Вечером этот полевой цветок присоединяется к остальным, увеличивая мой гербарий, приютившийся в Диогене Лаэртском между достославными Кратетом и Метроклом.
Адела уехала в Пьятру до следующего дня. Я отказался, желая убедить в первую очередь самого себя, что совершенно свободен и живу сам по себе.

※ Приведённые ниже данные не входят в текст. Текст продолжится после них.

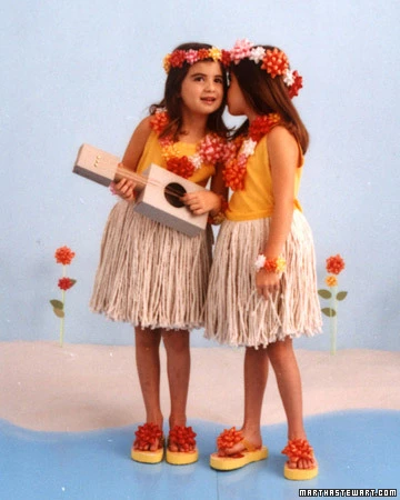 Una falda realizada por tí, una camiseta de verano, unas flores cosidas en diademas y unas chanclas, un collar y puedes presumir de tener la niña más guapa en estas fiestas. Es bonito, pero solo apto para usar en sitios cerrados o en zonas cálidas.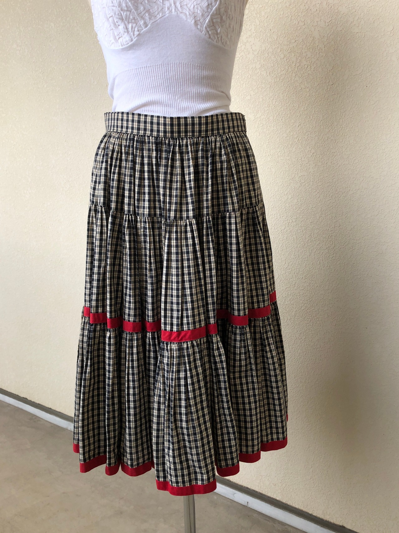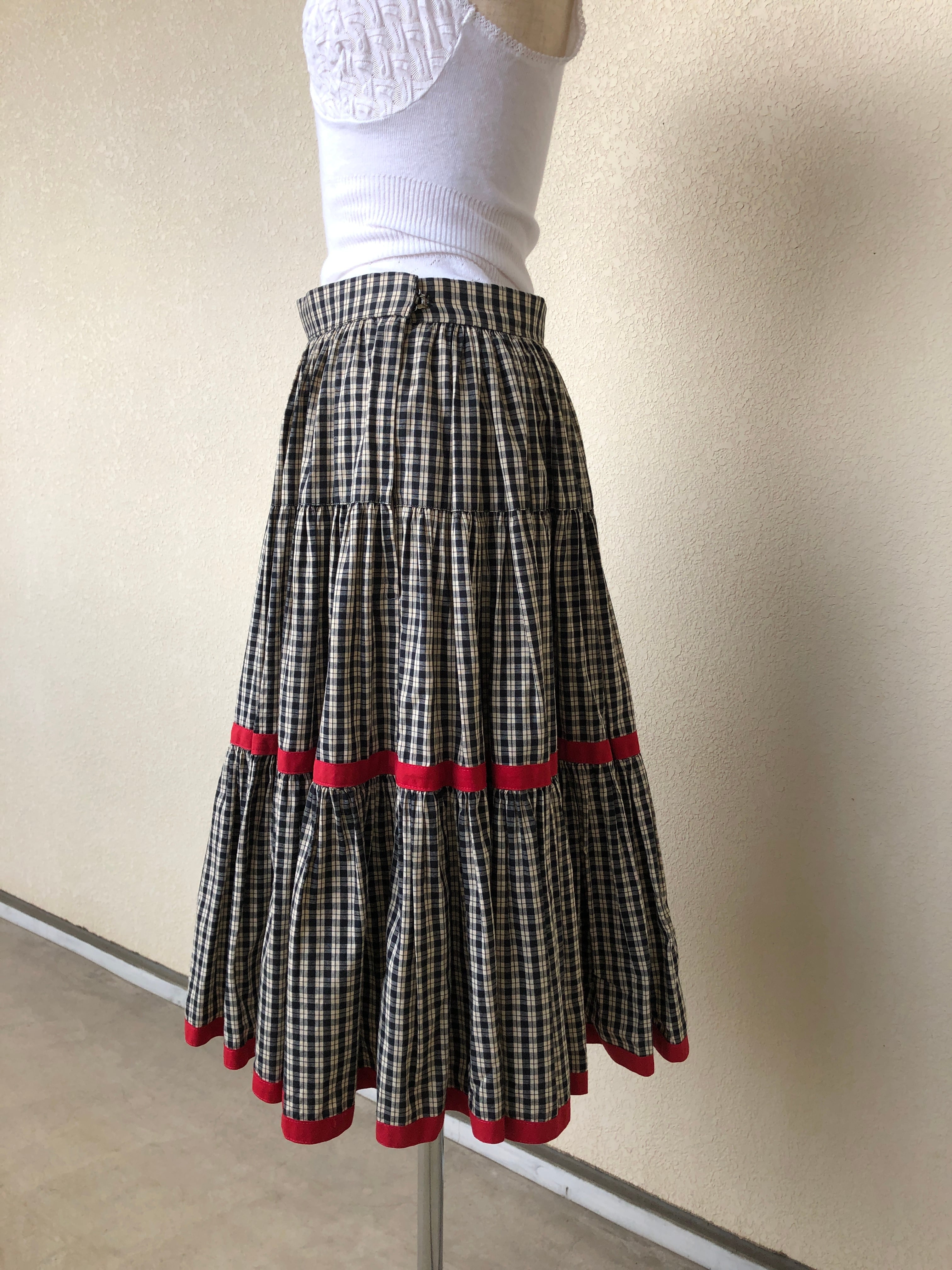red ribbon check skirt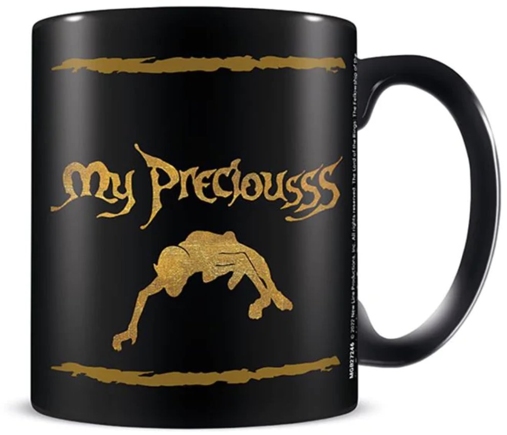 Oficiální keramický hrnek z katalogu produktů s logem, fotografiemi a grafikou populární americké filmové fantasy trilogie Lord of the Rings (Pán Prstenů).Zboží je legálně licencováno a prodáváno se souhlasem vlastníků licenčních práv.Černý keramický hrnek s grafickým potiskem My Preciousss.Objem...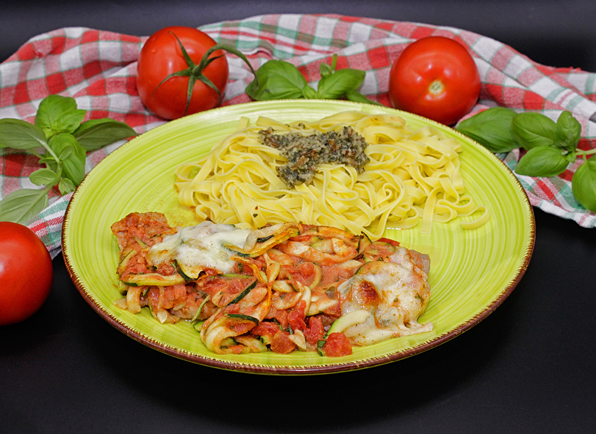 Zucchini-Schinken-Lasagne mit Mozzarella und Frischkäse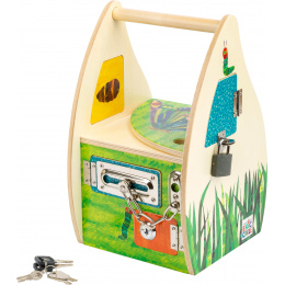 Rozměry: 17x18x28 cm Věk: 3+ Materiál: dřevo Zamkni dům či truhlu s hladovou housenkou! Tento tajemný dům z masivu je opatřen sadou zámků a petlic, které je třeba otevřít. Jemné motorické dovednosti jsou trénovány otevíráním a zavíráním různých mechanismů zámků. Dům lze také použít jako truhlu s přihrádkami a přepážkou! Díky praktické rukojeti nahoře je hra ideální pro přenášení. Různé uzávěry jsou vyrobeny z odolného kovu a tak zajišťují dlouhodobou zábavu!

Будь мне лет на десять меньше, я бы заслуживал самого искреннего сочувствия. Но опыт — достойный учитель. Страдая, учишься, — назидательно замечает один из философов у Диогена Лаэртского!..
…Эмилика с аккуратной косичкой и пушистой челкой, в черном фартуке и сером школьном платье. Ей было десять лет, мне тоже. (Что ж поделать, из молодых, да ранних!..) Каждый день я входил в школу и уходил домой с гулко колотящимся сердцем. Мне казалось, что все на меня смотрят, показывают пальцем. Она и впрямь на меня смотрела и, догадываясь обо всем, толкала локотком свою подружку, и обе они, чинные и важные, чрезвычайно увлеченно о чем-то беседуя, удалялись, похожие на двух кукольных дам.
Зимой Эмилика умерла от дифтерита или скарлатины, словом, от какой-то безжалостной болезни, похищающей у нас возлюбленных в таком возрасте. Я тогда еще не созрел до жертвенной готовности отдать жизнь за единое прикосновение к неодухотворенной материи, случайно и ненадолго принявшей вид девочки с белой косичкой. Это была моя единственная чистая любовь, и поэтому вряд ли она была любовью.